_TO DO_: Reproduce the listing exactly and skip over any pictures.

_DATA EXCERPT_:
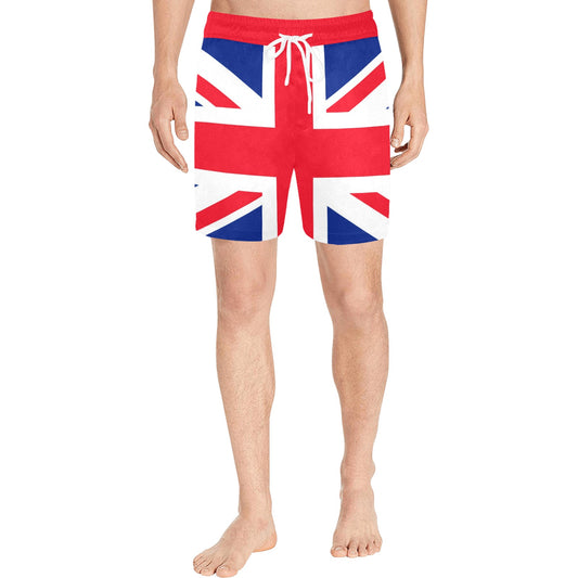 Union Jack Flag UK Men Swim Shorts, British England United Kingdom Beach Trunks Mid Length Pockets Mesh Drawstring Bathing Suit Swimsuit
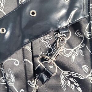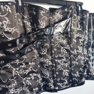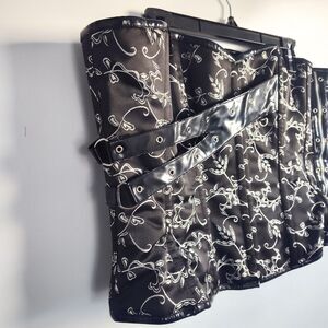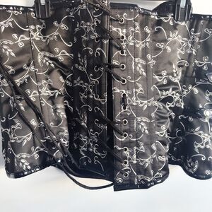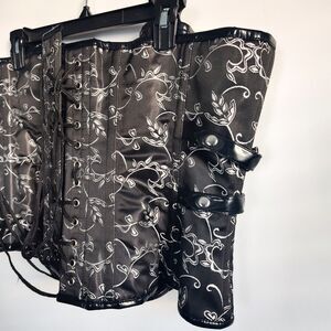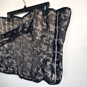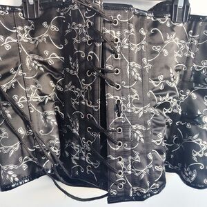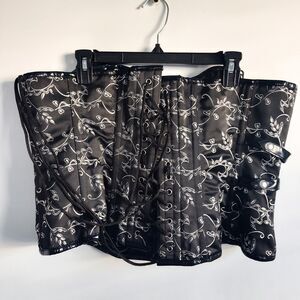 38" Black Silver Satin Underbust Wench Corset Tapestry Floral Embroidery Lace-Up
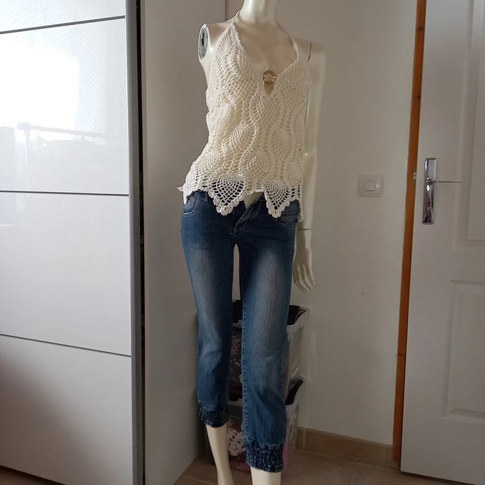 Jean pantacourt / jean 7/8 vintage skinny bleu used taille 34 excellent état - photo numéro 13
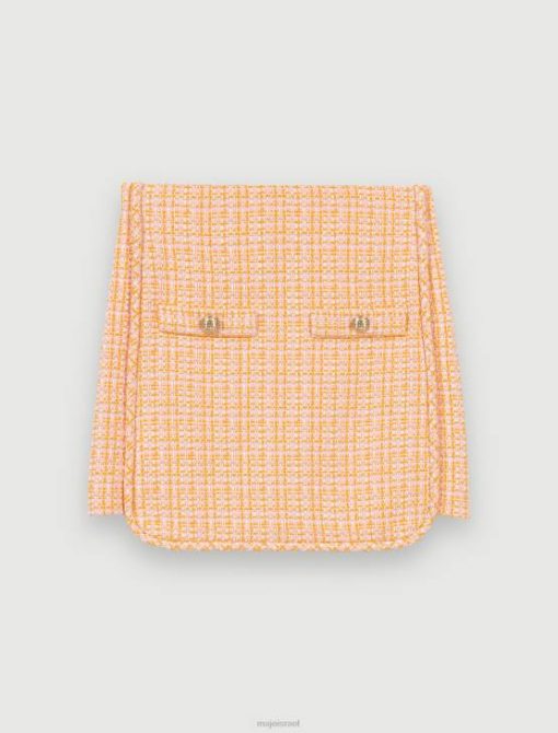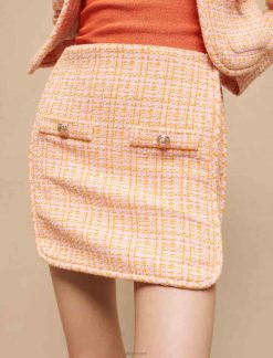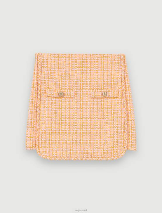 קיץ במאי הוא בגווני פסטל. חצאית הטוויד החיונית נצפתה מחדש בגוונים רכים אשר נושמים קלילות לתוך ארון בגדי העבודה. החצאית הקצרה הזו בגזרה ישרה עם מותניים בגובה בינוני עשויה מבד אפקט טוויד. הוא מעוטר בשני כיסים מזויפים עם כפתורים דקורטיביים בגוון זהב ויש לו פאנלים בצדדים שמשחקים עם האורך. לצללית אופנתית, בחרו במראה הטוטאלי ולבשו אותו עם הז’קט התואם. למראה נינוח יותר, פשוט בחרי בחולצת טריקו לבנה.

_REPLY_:
 Union Jack Flag UK Men Swim Shorts, British England United Kingdom Beach Trunks Mid Length Pockets Mesh Drawstring Bathing Suit Swimsuit
 38" Black Silver Satin Underbust Wench Corset Tapestry Floral Embroidery Lace-Up
 Jean pantacourt / jean 7/8 vintage skinny bleu used taille 34 excellent état - photo numéro 13
 קיץ במאי הוא בגווני פסטל. חצאית הטוויד החיונית נצפתה מחדש בגוונים רכים אשר נושמים קלילות לתוך ארון בגדי העבודה. החצאית הקצרה הזו בגזרה ישרה עם מותניים בגובה בינוני עשויה מבד אפקט טוויד. הוא מעוטר בשני כיסים מזויפים עם כפתורים דקורטיביים בגוון זהב ויש לו פאנלים בצדדים שמשחקים עם האורך. לצללית אופנתית, בחרו במראה הטוטאלי ולבשו אותו עם הז’קט התואם. למראה נינוח יותר, פשוט בחרי בחולצת טריקו לבנה.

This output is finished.